Потом она переодевалась в купальный костюм — мамин, потому что Юлькин ей мал. Внизу, на маминой половине, в такой немыслимо розовой ванной комнате, где страшно ступать на синтетический пух половичков и садиться на пухлый розовый стул перед мраморной плитой подзеркальника.
На поверхности абсолютно голубого, камнями обложенного «пула» за домом плавали продолговатые сухие листья: все-таки апрель — осенний месяц! И Юлька стала расчищать воду чем-то специальным, вроде пластиковой сетки. Пит выкатился из дома, веселый, кругленький, белокурый, в пестрых плавочках. Вода в бассейне оказалось теплой, хотя Пит визжал в ней и отдувался, как морж в проруби («Ты знаешь, это не дешево стоит — пул! Но мы пошли на это, потому что у нас — дети. И это так полезно — для отдыха!»). Было наслаждением шевелиться в его прозрачной глубине и, поднявши лицо, встречать глазами круто идущую вверх, от самой воды, листвой шуршащую живую стену из зарослей. И она не удержалась, чтобы не обследовать ее позднее вместе с Питом, когда костюмы их, отжатые, сохли над перилами, с которых Юлькина мама только что согнала наглых сине-зеленых попугаев…

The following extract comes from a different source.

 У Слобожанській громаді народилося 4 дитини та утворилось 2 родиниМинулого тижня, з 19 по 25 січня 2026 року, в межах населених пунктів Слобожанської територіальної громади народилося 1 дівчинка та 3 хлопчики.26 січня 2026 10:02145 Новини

Он вел ее вверх каменистой тропой с важным и загадочным видом, потому что это была его территория, и в кого он воплощался здесь — в следопыта пли колониста — она не знала, во что играют австралийские дети. И все было чудесно, пока зеленые тени двигались по лицам, палая листва похрустывала под ногами и пахло прелью, совсем, как в сопках ее юности, только росло здесь что-то другое. Гора кончилась. По крайней черте склона — тоненькая нитка проволоки, как всюду здесь по обочинам, и пустой, солнечный асфальт. А дальше опять чей-то дом, стоящий над своей иллюзией — горным обрывом. Она не стала смотреть дальше.
Ник приехал с работы — заурчала машина около гаража. Пришла из школы Сюзи — такая аккуратная высокая девочка в форменной юбке в широкую складку, прямой блузке и галстуке — гладкая головка, ни одной завитушки. Она не говорила по-русски и только улыбалась гостье с приветливой вежливостью. («Ник решил, что ей этого не надо — ей же придется жить среди своих».)

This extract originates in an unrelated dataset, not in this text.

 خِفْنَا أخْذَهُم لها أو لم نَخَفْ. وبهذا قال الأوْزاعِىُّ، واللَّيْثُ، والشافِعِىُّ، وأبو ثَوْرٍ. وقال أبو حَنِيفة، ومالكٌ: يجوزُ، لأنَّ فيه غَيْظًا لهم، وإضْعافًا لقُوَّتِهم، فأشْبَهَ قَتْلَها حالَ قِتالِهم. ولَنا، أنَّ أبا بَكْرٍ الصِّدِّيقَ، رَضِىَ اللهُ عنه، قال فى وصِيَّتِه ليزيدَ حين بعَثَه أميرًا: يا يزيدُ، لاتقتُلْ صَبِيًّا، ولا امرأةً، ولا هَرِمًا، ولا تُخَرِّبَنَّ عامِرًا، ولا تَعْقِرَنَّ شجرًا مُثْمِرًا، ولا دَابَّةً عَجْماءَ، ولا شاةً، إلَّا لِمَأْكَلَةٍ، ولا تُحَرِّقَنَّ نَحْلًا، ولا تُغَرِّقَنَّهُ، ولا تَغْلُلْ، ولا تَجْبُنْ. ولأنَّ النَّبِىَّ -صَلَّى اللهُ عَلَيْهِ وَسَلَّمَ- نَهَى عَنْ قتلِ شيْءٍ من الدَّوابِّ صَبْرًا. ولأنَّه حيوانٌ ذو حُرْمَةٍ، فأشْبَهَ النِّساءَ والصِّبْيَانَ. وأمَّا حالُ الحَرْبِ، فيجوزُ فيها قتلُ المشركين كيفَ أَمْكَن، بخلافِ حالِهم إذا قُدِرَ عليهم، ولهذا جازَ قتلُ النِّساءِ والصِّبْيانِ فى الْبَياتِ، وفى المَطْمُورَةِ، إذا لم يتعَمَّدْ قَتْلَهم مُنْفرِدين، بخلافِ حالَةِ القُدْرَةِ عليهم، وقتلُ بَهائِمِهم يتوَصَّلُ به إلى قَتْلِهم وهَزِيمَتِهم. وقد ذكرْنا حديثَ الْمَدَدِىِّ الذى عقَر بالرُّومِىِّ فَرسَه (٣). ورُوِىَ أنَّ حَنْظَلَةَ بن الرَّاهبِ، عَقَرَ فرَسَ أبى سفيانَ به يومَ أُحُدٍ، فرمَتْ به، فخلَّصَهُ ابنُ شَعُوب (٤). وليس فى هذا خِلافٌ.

Они пошли с Юлькой и Питом пройтись по нижней дороге, вдоль «крика», пока не позвали ужинать. Небо покраснело над верхним краем лощины, и было полное впечатление, что там, в горах, заходит солнце. Туман начал тянуться от воды и оседать синеватыми полосами в низине, как в подлинных Альпах. Свежёе, как обычно, к ночи стал запах леса, и птицы какие-то, засыпая, перекликались в зарослях. Они шли не торопясь, а Пит вертелся около, забегал вперед и возвращался с воплями: вон у того дома его обижает соседский мальчишка! И Юлька утешала его и внушала ему, на странной смеси двух языков, понятной, видимо, только им обоим, и что должно было означать: не лезь, не задирайся, сам виноват!

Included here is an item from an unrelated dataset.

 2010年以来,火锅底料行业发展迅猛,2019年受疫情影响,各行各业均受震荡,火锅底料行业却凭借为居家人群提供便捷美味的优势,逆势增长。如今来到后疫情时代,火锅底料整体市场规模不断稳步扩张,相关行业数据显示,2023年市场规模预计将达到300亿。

Пахло жареной бараниной и овощами из маминой кухни, разделенной со столовой только аркой и шторой — кожаной, задвижной, как гармошка, — на случай большого приема. Теплым казался свет от ламп, от абажуров золотистого шелка. («Я делала их на заказ, и мне два раза переделывали, прежде чем добились того, что надо!») И все в этой комнате, совмещенной по-австралийски с гостиной и пустоватой — ничего лишнего, выдержанной в белых и оранжевых тонах — даже осенний пейзаж на аскетично-беленой стене под цвет ковра — гаммы опавших листьев, вкрадчивая мягкость ворсистого пола, податливость объемных тигрово-полосатых кресел, располагало к душевной тишине и расслабленности.
Ник сидел во главе белого стола. И был это высокий худощавый мужчина с серьезным продолговатым лицом. Бесстрастный от врожденной выдержанности и оттого, что частично не понимал, о чем говорилось за столом. И вместе с тем доброе любопытство проглядывало в этом лице, когда он переводил взгляд с жены на гостью из России. Сюзи сидела с ним рядом. Такая же длинненькая, беленькая и сдержанная девочка, и теперь можно было убедиться, насколько они похожи — отец и дочь. Юлька успевала говорить за всех сразу: и с ней, и с мамой по хозяйству, и переводить Нику суть разговора, потому что, конечно же, ему интересно (несмотря на кажущуюся бесстрастность), и делать замечания Ниту, что он не так, как положено, ковыряет ложкой тушеную тыкву!
И этот спокойный овал стола, уставленного простой и вкусной едой, в окружении детей, с уравновешенным, уверенным в себе мужем во главе, как бы определял понятие «мой дом — моя крепость». Не столько во внешней отгороженности склонами оврага, сколько внутренним кругом семьи, куда нет доступа посторонним.